Satya Nadella-led Microsoft lost a bid to acquire TikTok in the US after the Chinese owner of the video-sharing platform chose Oracle to be its technology partner for its American operations, ahead of President Donald Trump’s September 20 deadline to ban the popular app if it wasn't sold to an American company.
Microsoft said in a statement on Sunday that the Chinese owner of TikTok ByteDance has informed it that they would not be selling TikTok's US operations to Microsoft".
“We are confident our proposal would have been good for TikTok's users, while protecting national security interests. To do this, we would have made significant changes to ensure the service met the highest standards for security, privacy, online safety, and combatting disinformation, and we made these principles clear in our August statement. We look forward to seeing how the service evolves in these important areas,” Microsoft said.
A report in The New York Times said it was unclear whether TikTok choosing Oracle as a technology partner would mean that the multinational computer technology corporation would also take a majority ownership stake of the social media app.
The Wall Street Journal said in a report that Oracle is set to be announced as TikTok's trusted tech partner in the US, and the deal is likely not to be structured as an outright sale.
The next step is for the White House and the Committee on Foreign Investment in the US to approve the deal, said one of the people, adding that the participants believe it satisfies the concerns around data security that have been previously raised by the US government, the WSJ report said.
In an executive order signed last month, Trump had said that TikTok would be blocked in the US if it did not sell its US operations to an American company by September 20. The Trump administration has said that TikTok and other Chinese apps are national security threats.
“But sale talks had been in a holding pattern because China issued new regulations last month that would bar TikTok from transferring its technology to a foreign buyer without explicit permission from the Chinese government. And any resulting deal could still be a geopolitical pinata between the United States and China," the NYT report said.
Microsoft wanted computer code
The report added that the Chinese regulations helped scuttle the bid by Microsoft, which had said in August that it would insist on a series of protections that would essentially give it control of the computer code that TikTok uses for the American and many other English-speaking versions of the app.
Microsoft said the only way it could protect the privacy of TikTok users in the United States and prevent Beijing from using the app as a venue for disinformation was to take over that computer code, and the algorithms that determine what videos are seen by the 100 million Americans who use it each month, the NYT report said.
Oracle has not yet disclosed what it would do with TikTok's underlying technology, written by a Chinese engineering team in Beijing.
India was the first country to ban TikTok and WeChat, citing national security concerns. India has banned over 220 Chinese apps, a move welcomed by both the Trump administration and US lawmakers.
TikTok flashpint
As tensions between the US and China escalated, TikTok had become the flash point between Washington and Beijing over issues of technology and privacy concerns.
The Trump administration had already banned the Chinese telecom giant Huawei from selling 5G networks and equipment in the US, citing the risk of a foreign power controlling the infrastructure on which all internet communications flow.
Even if Oracle may try to close a deal, it is unclear whether Beijing would create new obstacles to the process. And election-year politics have hung over the negotiations from the start.

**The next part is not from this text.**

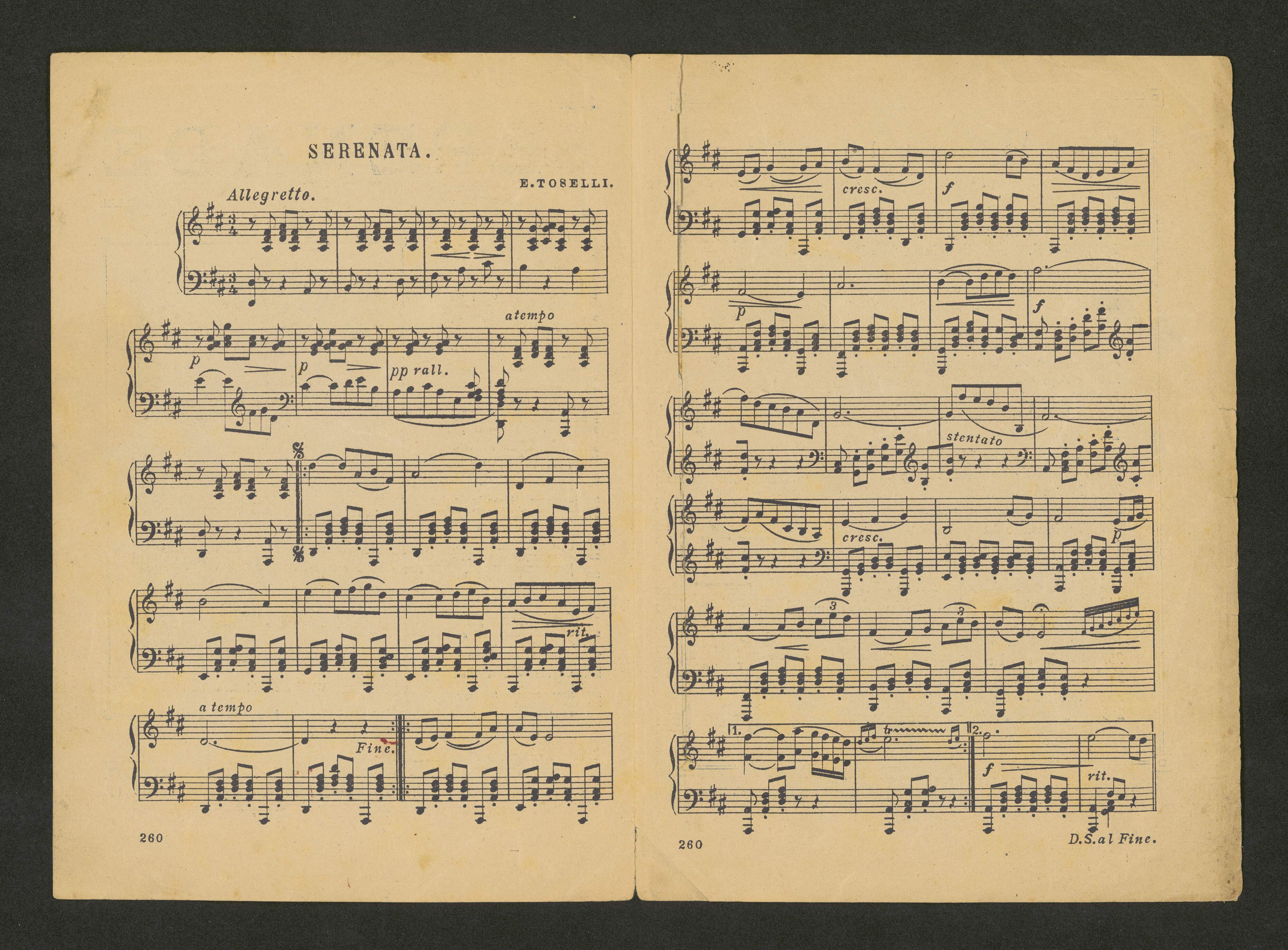 [title page:] N|o 260. | SERENADE | muz. E. TOSSELLI. | [list of compositions] | W. Dobosz Markowska. | Nakład F. GRĄBCZEWSKIEGO i I. RZEPECKIEGO. | Skład główny: I. Rzepecki, Warszawa, Krak. Przedmieście N|o 11

"Unlike many other technology companies, Oracle has cultivated close ties with the Trump administration. Its founder, Larry Ellison, hosted a fund-raiser for Mr Trump this year, and its chief executive, Safra Catz, served on the president's transition team and has frequently visited the White House, the NYT report said.
Last month, Trump had said he would support Oracle buying TikTok, calling Oracle a great company and said the firm, which specialises in enterprise software, could successfully run TikTok.
“I think that Oracle would certainly be somebody that could handle it,” Trump had said.
Trump has said that apps such as TikTok, WeChat and equipment maker Huawei pose a national security threat because data collected about users can be shared with the Communist Party-led Chinese government. The Chinese firms have denied this claim.
Two of ByteDance's largest backers, Sequoia Capital and General Atlantic, have sought to retain their holdings in its valuable subsidiary while saving TikTok from a ban in the US. Both firms are represented on ByteDance's board of directors. In late August, the firms teamed up with Oracle to bid against Microsoft.
Microsoft, meanwhile, had teamed up with Walmart to make its bid.